/Application_S4lab

requested data for joining to S4Lab @ SUT

Maryam Ebrahimzadeh 98201893
(State of) The Art of War: Offensive Techniques in Binary Analysis

Vulnerabilities have been discovered in binary codes, so we need to analyze them in different approaches and with different targets. Angr is a binary analysis framework that integrates many techniques for code analysis.
In general, any automated binary analysis must adopt trade-off between replayability and semantic insight because of the analysis scalability issue. Code analysis consists of two categories: static and dynamic.
The static analysis contains the control flow graph and the data flow graph. In static analysis, results are not replayable, and false-positive error is high.
The dynamic analysis consists of two categories: concrete and symbolic execution which are highly replayable. In concrete execution, having test cases is necessary.
Fuzzing is a Dynamic concrete execution which has multiple type:
    coverage-based fuzzing: maximize the amount of code for testing, but it does not have semantic insight.
    Taint-based fuzzing: try to understand the processing of the application to change input better.
The other type of dynamic analysis is dynamic symbolic execution which has good semantic insight but is limited with respect of scalability.

Analysis engine
In Angr, design points consider modern processors and OS and usability.
This design contains five submodules :
1. Intermediate Representation
    Implement an Intermediate Representation and leveraging linVEX to support different architecture
2. Binary Loading
    Load given binary code and its requirements then initialize program state.
3. Program State Representation/Modification
    SimState in SimuVEX collect state which originally specified by user
4. Data Model
    Claripy module is for representing values which are in registers, as expressions and it can translate them to data itself.     Claripy has a modular design.
5. Full-Program Analysis
    Angr use both dynamic symbolic execution and control flow graph recovery to analyze.

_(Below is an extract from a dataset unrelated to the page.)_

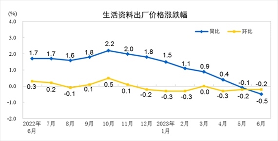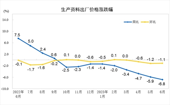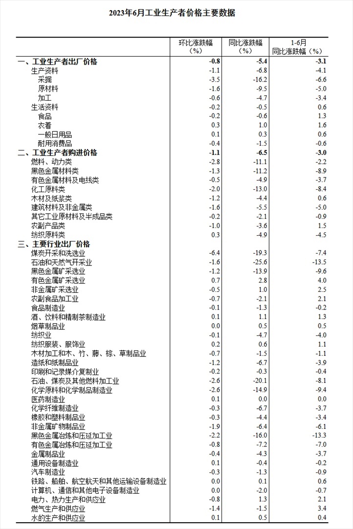 央視網(wǎng)消息:據(jù)國家統(tǒng)計局網(wǎng)站消息,2023年6月份,全國工業(yè)生產(chǎn)者出廠價格同比下降5.4%,環(huán)比下降0.8%;工業(yè)生產(chǎn)者購進價格同比下降6.5%,環(huán)比下降1.1%。上半年,工業(yè)生產(chǎn)者出廠價格比上年同期下降3.1%,工業(yè)生產(chǎn)者購進價格下降3.0%。

Two main interfaces are Path Groups and Analyses.
Path group is for dynamic symbolic execution and manage paths. Analyses are to manage full program analysis. Angr store some true information in the knowledge base to use them.

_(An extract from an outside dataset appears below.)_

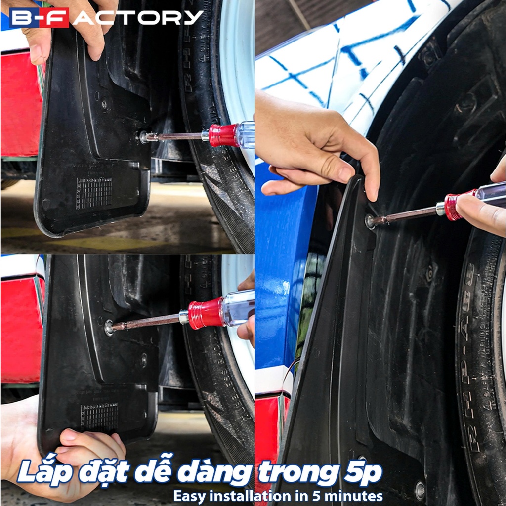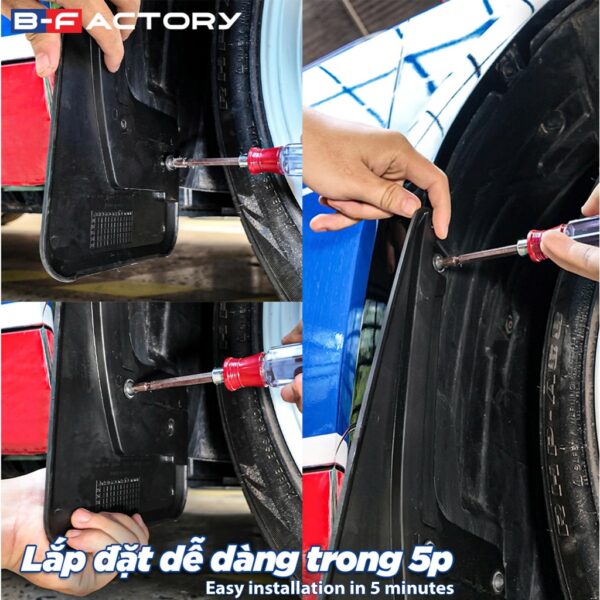 Việc lắp chắn bùn VF3 khá đơn giản. Hầu hết các sản phẩm đều sử dụng vị trí lỗ có sẵn trên xe, không cần khoan đục hay can thiệp vào thân vỏ. Người dùng có thể tự lắp tại nhà hoặc nhờ kỹ thuật viên hỗ trợ trong thời gian ngắn.

Angr is a python library. And it can be installed using pip command.In Angr they used a corpus of CGC binaries, released by DARPA, to carry out their evaluation and implemented these techniques: CFG recovery, dynamic and static vulnerability discovery, crash replay, exploitation, and exploit hardening.


**AEG: Automatic Exploit Generation**

Exploit generation is very hard for human so automatic exploit generation is program which find vulnerabilities and write exploit string for them.

I case of exploit generation, on one hand source code analysis is insufficient on the other hand binary level analysis is unscalable which in our approach we combine them. For this approach priority of path that will be checked is important to find exploitable path. In general this system analyze source code then extract vulnerability and then write exploit string for them.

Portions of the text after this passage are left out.